With respect to WES, the first canine specific design based on the canFam3.1 genome build and capturing 53 MB was published in 2014.35 Additional custom canFam3 designs have since been generated and synthesized by Roche (Indianapolis, IN) for WES studies. In addition, Agilent (Santa Clara, CA) has made two canine whole exome captures available to the canine research community, Version 1 based on CanFam2 (part number 5190-5452, 53.59 MB) and Version 2 based on canFam3.1 (part number 5191-6700, 43.45 MB). More recently, Twist Bioscience (South San Francisco, CA) in collaboration with the Karlsson Lab at the Broad Institute has developed a commercially available 40.5 MB canine exome capture based on canFam3.1.
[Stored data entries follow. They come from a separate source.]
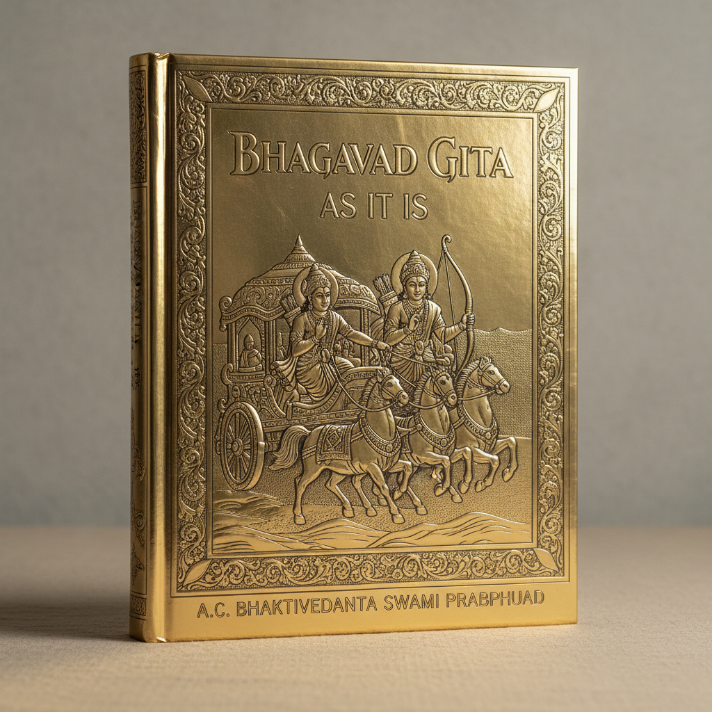 Ancient Hindu scripture with commentary, essential religious text for spiritual seekers
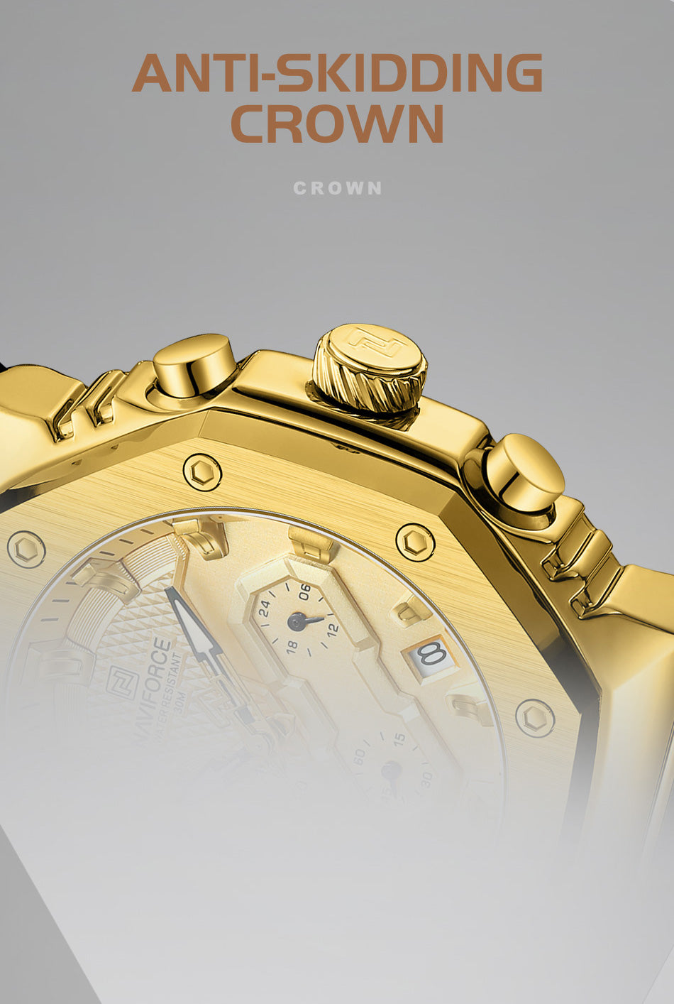 The novel screw-shaped crown of NF8035 not only enhances its aesthetic appeal but also increases friction, making time adjustment a breeze and ensuring ease of use.
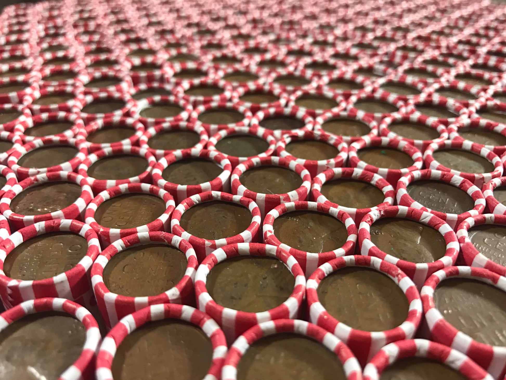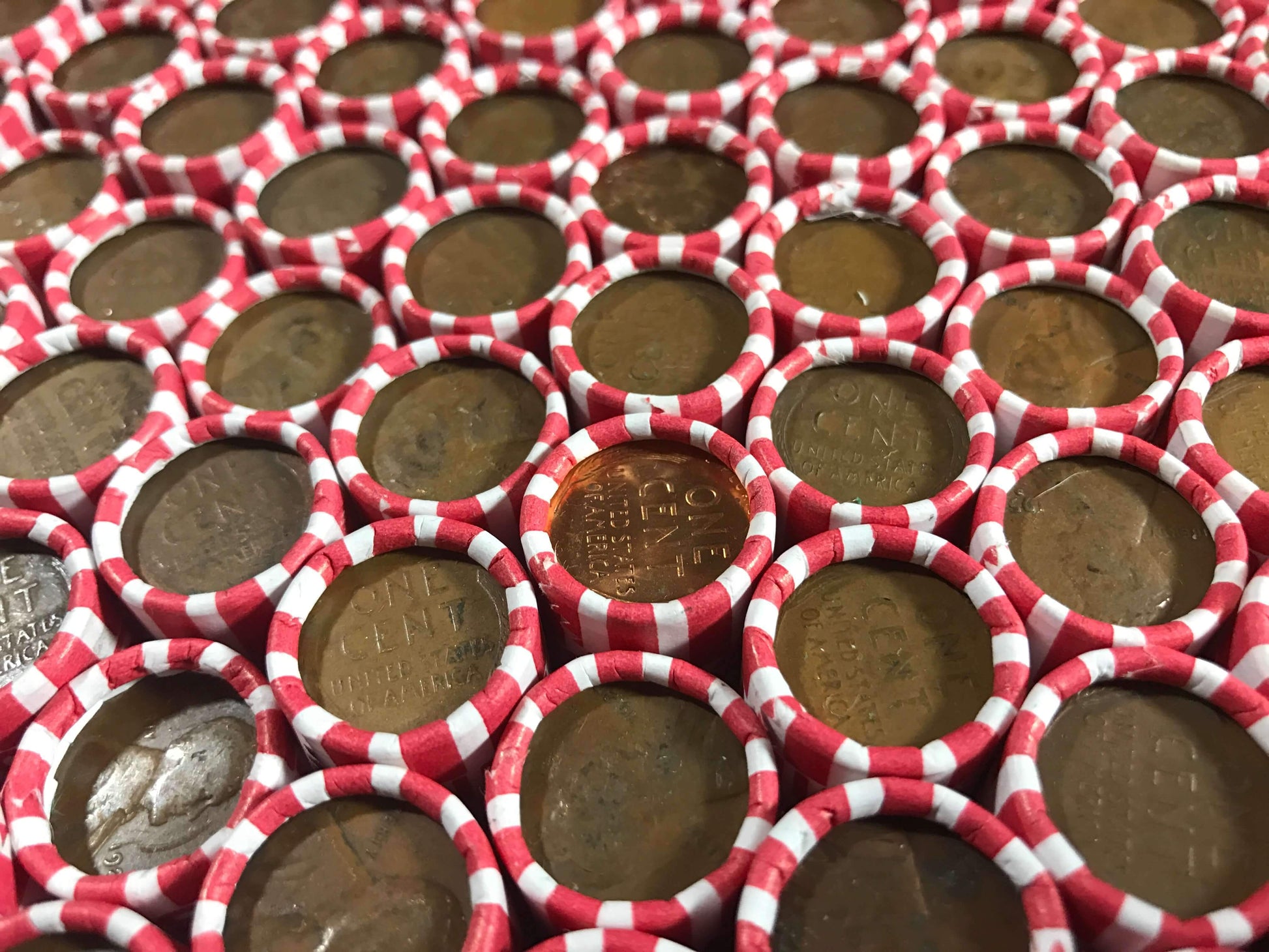 TIGHTLY CRIMPED WHITE BANK WRAPPED ROLLS OF OLD WHEAT PENNIES
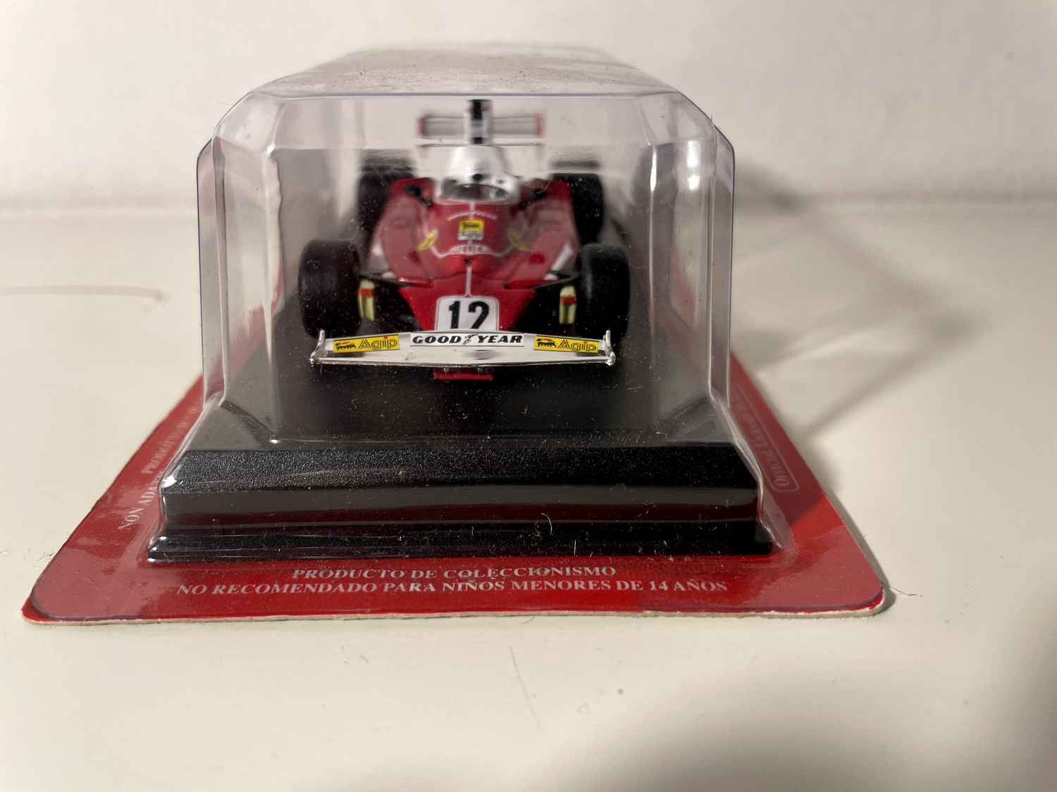 Découvrez cette superbe miniature de la Ferrari 312T rouge et blanche numéro 12, fidèle reproduction de la légendaire monoplace de Formule 1 pilotée par Niki Lauda. Cette pièce d'exception, éditée par Altaya, capture toute l'essence de l'une des Ferrari les plus emblématiques de l'histoire de la F1.
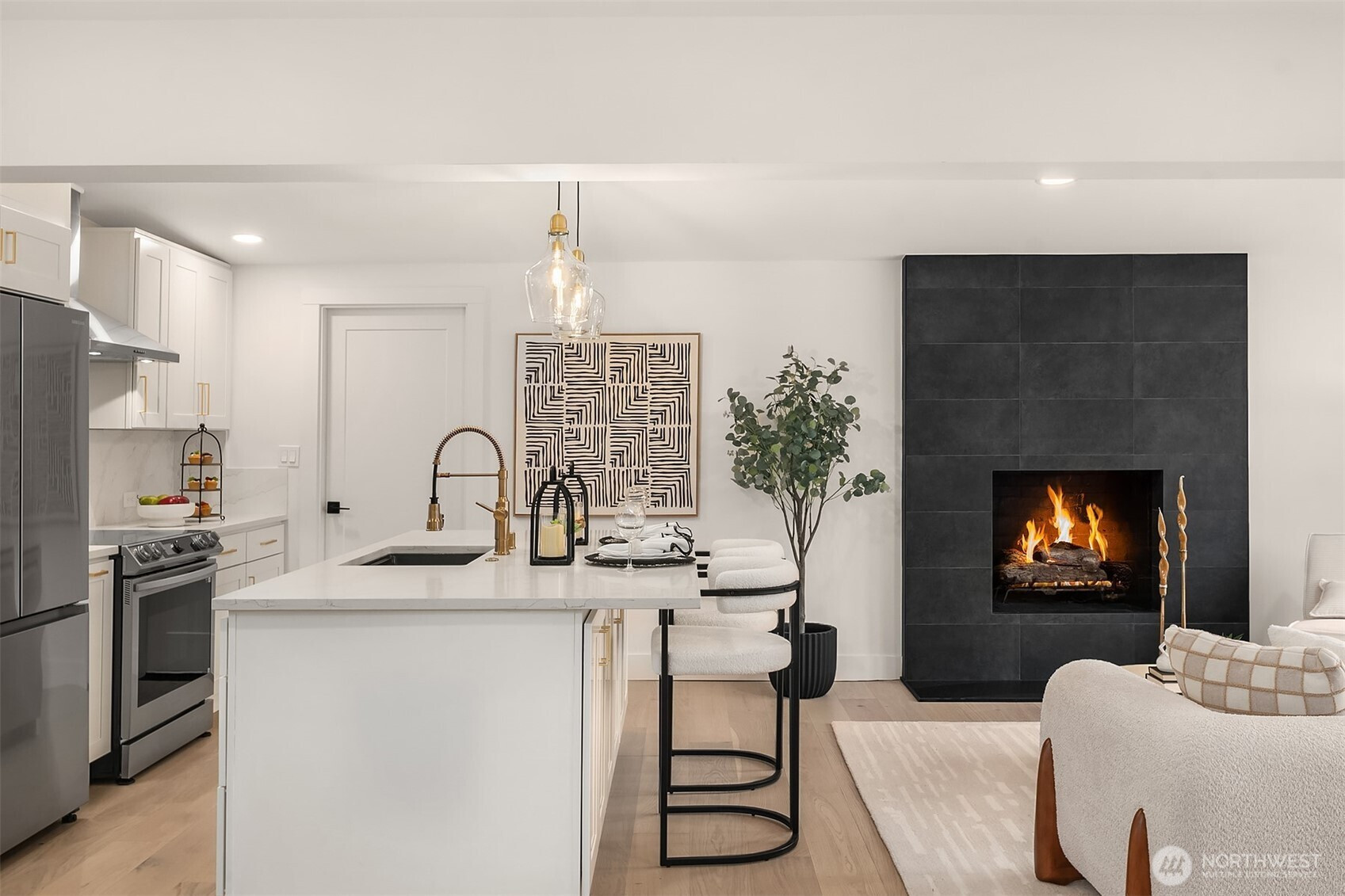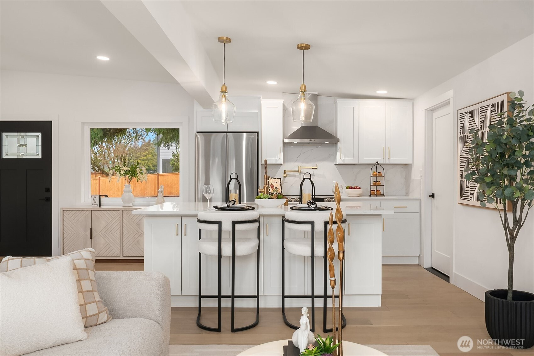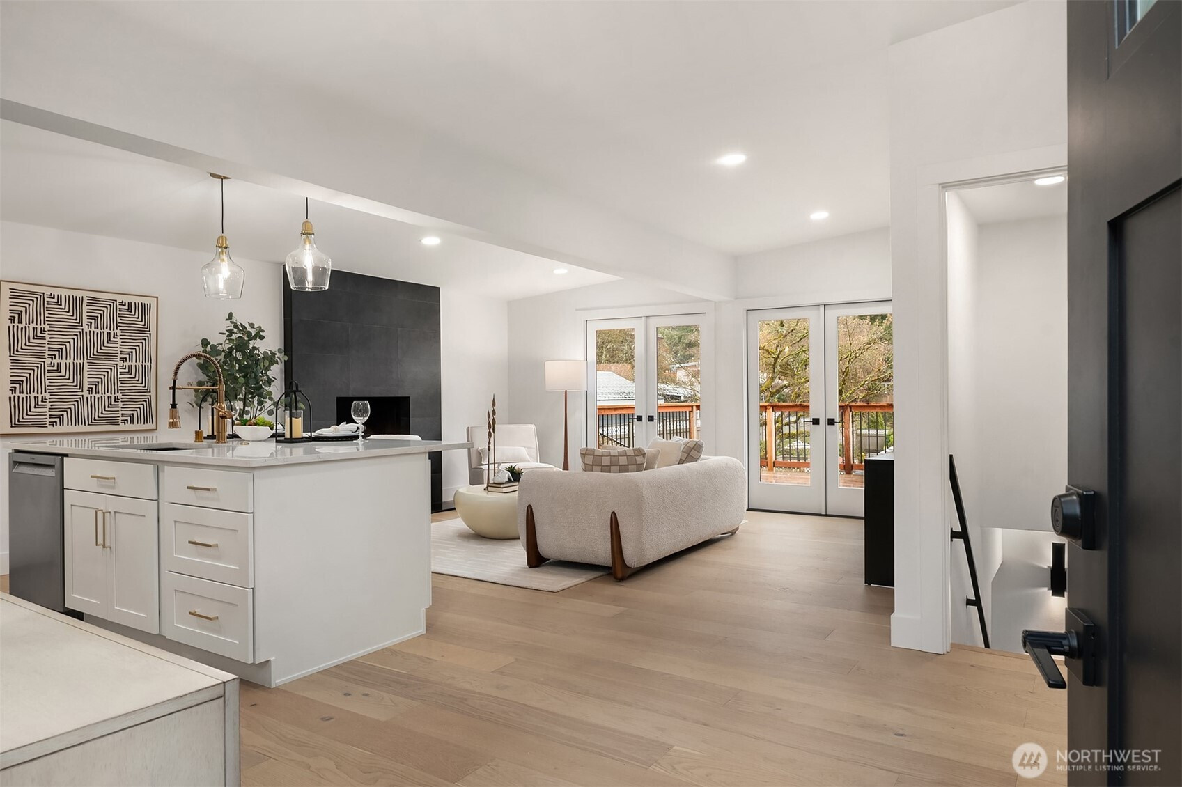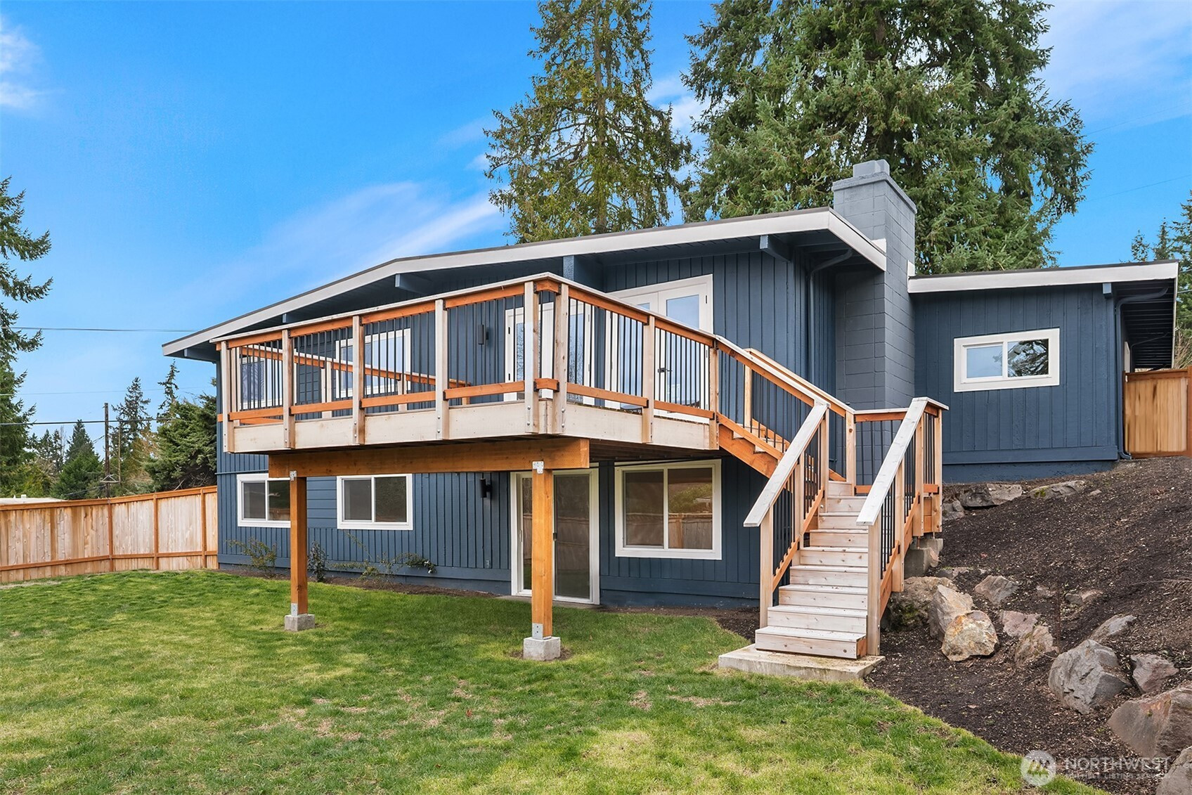 Experience refined living in this impeccably remodeled Lake Hills masterpiece, thoughtfully curated for both sophistication and comfort. Sleek contemporary finishes, including main floor primary suite, exceptional craftsmanship, and an open, light-filled layout create an atmosphere of modern elegance throughout. Set on a beautifully landscaped corner lot, the home offers seamless indoor-outdoor living with a fully fenced yard—perfect for relaxing afternoons or effortless entertaining. Take in sweeping territorial views from the expansive viewing deck, an ideal setting for unwinding at sunset or hosting guests. The versatile lower level provides outstanding flexibility, with potential for a private MIL suite or an inviting rec room—perfect for game nights, movie watching, or cheering on your favorite teams. Enjoy an unbeatable location just steps from the neighborhood park and the beloved Samena Swim & Recreation Club. A short stroll leads to Lake Hills Village, home to local favorite Shabu Shabu Kyoto Japanese Restaurant, while the Seattle Jewish Community School is conveniently located just blocks away. A rare opportunity to enjoy style, comfort, and community in one of Lake Hills’ most desirable settings.
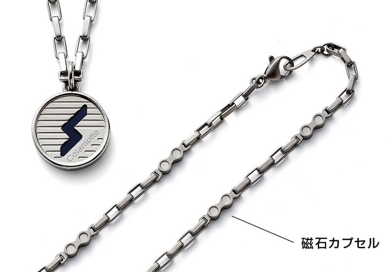 | その他詳細 1 | ●「コラントッテスポーツ」ブランドのPROシリーズからネックレスが登場。 ・コラントッテのロゴモチーフにSPORTSの「S」を施したトップデザイン ・すべての金属パーツに純チタンを使用、金属アレルギーリスクが極めて低く、超軽量、高耐久性、高耐食性を兼ね備えたネックレス ・チェーンはひと粒 約5×2.5mmのスタイリッシュなボックス型 ・磁石カプセルもチェーンとの違和感がない大きさ ・磁石カプセルには磁石をN極S極交互配列で2個配置(4カプセルのため合計磁石数は8個) ・磁石は希土類永久磁石を使用しており磁力は150ミリテスラ ・金属パーツはすべて艶消し加工を施しており、スポーティでありながら落ち着いた印象を与えてくれます。 |

Finally, while several CNV callers as well as specified toolkits that include CNV analysis are listed in Table 2, additional approaches have been employed to broaden the scope of data interrogation, including those used to evaluate clonality and tumour heterogeneity. It is important to note, however, that descriptions of these approaches are generally limited to individual labs. For example, GISTIC2 does not support use in the canine genome without source code modification: https://github.com/sbamin/canine_gistic2. Lastly, methods have been developed to assess the intra- and inter-tumoural heterogeneity of canine cancers (such as osteosarcoma and hemangiosarcoma), although such pipelines have generally been individually curated to address the specific data sets.36,37

5.2 |. MHCI genotyping

A human individual expresses 3–6 alleles encoded by three classical MHC Class I genes HLA-A, HLA-B, and HLA-C. The syntenic canine MHC Class I region encodes genes including DLA-88, DLA-12, and DLA-64. The MHC Class I genes are highly polymeric, especially in exons 2 and 3, which encode the antigen-binding pocket. As such, these are among the most hypervariable regions in the genome. Accurate determination of the ~550 bp sequence of exons 2 and 3, typically referred to as MHC genotyping, is used to identify the Class I alleles in a single individual. Extensive work has been undertaken to define the landscape of human MHC Class I (HLA-I) alleles. The IPD-IMGT/HLA Database (https://www.ebi.ac.uk/ipd/imgt/hla/) provides a specialist database for sequences of the human MHC and includes official sequences curated by the World Health Organization Nomenclature Committee For Factors of the HLA System. As of March 2022, the IMGT/HLA database51 contains 23 694 HLA-I alleles. Next generation sequencing (NGS)-based genotyping tools,5261 which focus on human genotyping, take advantage of this vast number of known HLA-I alleles. Because so many HLA-I alleles existing in the human population have been precisely characterized, the current HLA-I genotyping tools focus on accurately mapping NGS reads to the known allele reference, and then genotyping the individual by identifying known alleles with the most unambiguously placed NGS reads.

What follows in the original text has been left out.